■ Data excerpt ■
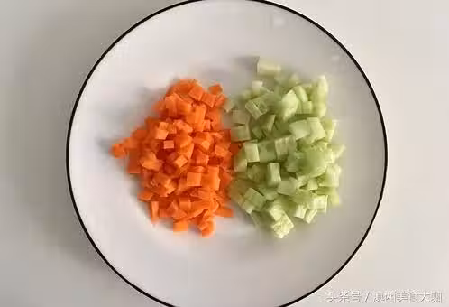 5 、煮蛋期間把黃瓜和胡蘿蔔切小丁~不愛生吃胡蘿蔔的可以焯一下水。
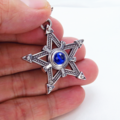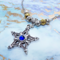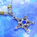 中心に蒼い輝きをもつシルバーカラーのペンタグラム(五芒星)をモチーフとしたペンダント・ネックレスです
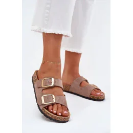 Dámske sandále z ekokože na korkovej podrážke sú štýlovou voľbou na teplé dni. Dva nastaviteľné remienky so zlatými prackami im dodávajú elegantný charakter a zároveň zaručujú pohodlie a ideálne prispôsobenie. Skvele sa hodia na každodenné nosenie, spájajú pohodlie s módnym vzhľadom, ideálne na prechádzku alebo dovolenku.
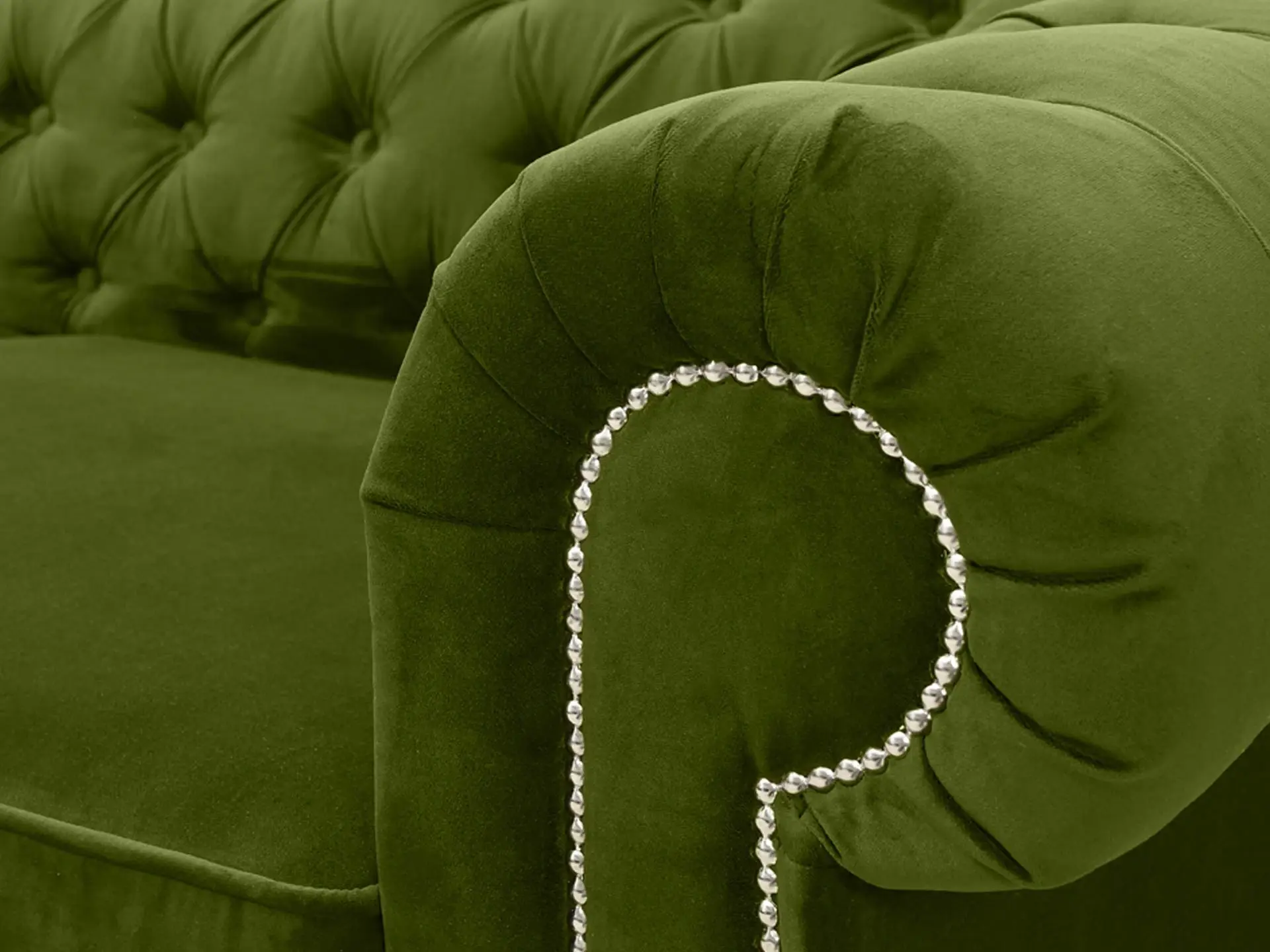 Линейка «Chesterfield» - диваны в английском стиле на опорах, которые закрыты царгами. Опоры имеют войлочные подпятники, что позволяет не портить напольное покрытие. Диван можно выбрать как с механизмом трансформации «Sedaflex» для ежедневного сна, так и без него. Изделие может быть выполнено в натуральной коже или в другой обивке на ваш выбор.||Представленная модель - классический двухместный диван с механизмом трансформации «Sedaflex». Размер спального места 1840х1330 мм. Основание спального места — 9 ортопедических лат. В комплекте имеется матрас из пенополиуретана высотой 90 мм. Нагрузка на одно спальное место составляет 110 кг.||«Chesterfield» - сочетание прямых и плавных линий, выверенные пропорции. Прочный каркас из деревянного бруса, мягкие подушки. Материал обивки – полиэстер с добавлением нейлона. Это сочетание делает поверхность дивана эластичной, устойчивой к истиранию и образованию закатанных ворсинок. Ромбовидная стяжка «капитоне» - элемент изысканного декора и техника, которая позволяет равномерно распределить наполнитель. Один уровень спинки и подлокотников, которые дополнительно украшены молдингами, делает диван эргономичным для людей любого роста. Форма свитка главных элементов венчает диван, что придаёт ему исторический дух. «Chesterfield» в современной интерпретации прекрасно можно сочетать с любым стилем. Контекст интерьера может сделать его брутальным, строгим или утончённым, изысканным.

■ The problem ■
Print the full listing above exactly. Pictures stay out of the copy.

■ Answer below ■
 5 、煮蛋期間把黃瓜和胡蘿蔔切小丁~不愛生吃胡蘿蔔的可以焯一下水。
 中心に蒼い輝きをもつシルバーカラーのペンタグラム(五芒星)をモチーフとしたペンダント・ネックレスです
 Dámske sandále z ekokože na korkovej podrážke sú štýlovou voľbou na teplé dni. Dva nastaviteľné remienky so zlatými prackami im dodávajú elegantný charakter a zároveň zaručujú pohodlie a ideálne prispôsobenie. Skvele sa hodia na každodenné nosenie, spájajú pohodlie s módnym vzhľadom, ideálne na prechádzku alebo dovolenku.
 Линейка «Chesterfield» - диваны в английском стиле на опорах, которые закрыты царгами. Опоры имеют войлочные подпятники, что позволяет не портить напольное покрытие. Диван можно выбрать как с механизмом трансформации «Sedaflex» для ежедневного сна, так и без него. Изделие может быть выполнено в натуральной коже или в другой обивке на ваш выбор.||Представленная модель - классический двухместный диван с механизмом трансформации «Sedaflex». Размер спального места 1840х1330 мм. Основание спального места — 9 ортопедических лат. В комплекте имеется матрас из пенополиуретана высотой 90 мм. Нагрузка на одно спальное место составляет 110 кг.||«Chesterfield» - сочетание прямых и плавных линий, выверенные пропорции. Прочный каркас из деревянного бруса, мягкие подушки. Материал обивки – полиэстер с добавлением нейлона. Это сочетание делает поверхность дивана эластичной, устойчивой к истиранию и образованию закатанных ворсинок. Ромбовидная стяжка «капитоне» - элемент изысканного декора и техника, которая позволяет равномерно распределить наполнитель. Один уровень спинки и подлокотников, которые дополнительно украшены молдингами, делает диван эргономичным для людей любого роста. Форма свитка главных элементов венчает диван, что придаёт ему исторический дух. «Chesterfield» в современной интерпретации прекрасно можно сочетать с любым стилем. Контекст интерьера может сделать его брутальным, строгим или утончённым, изысканным.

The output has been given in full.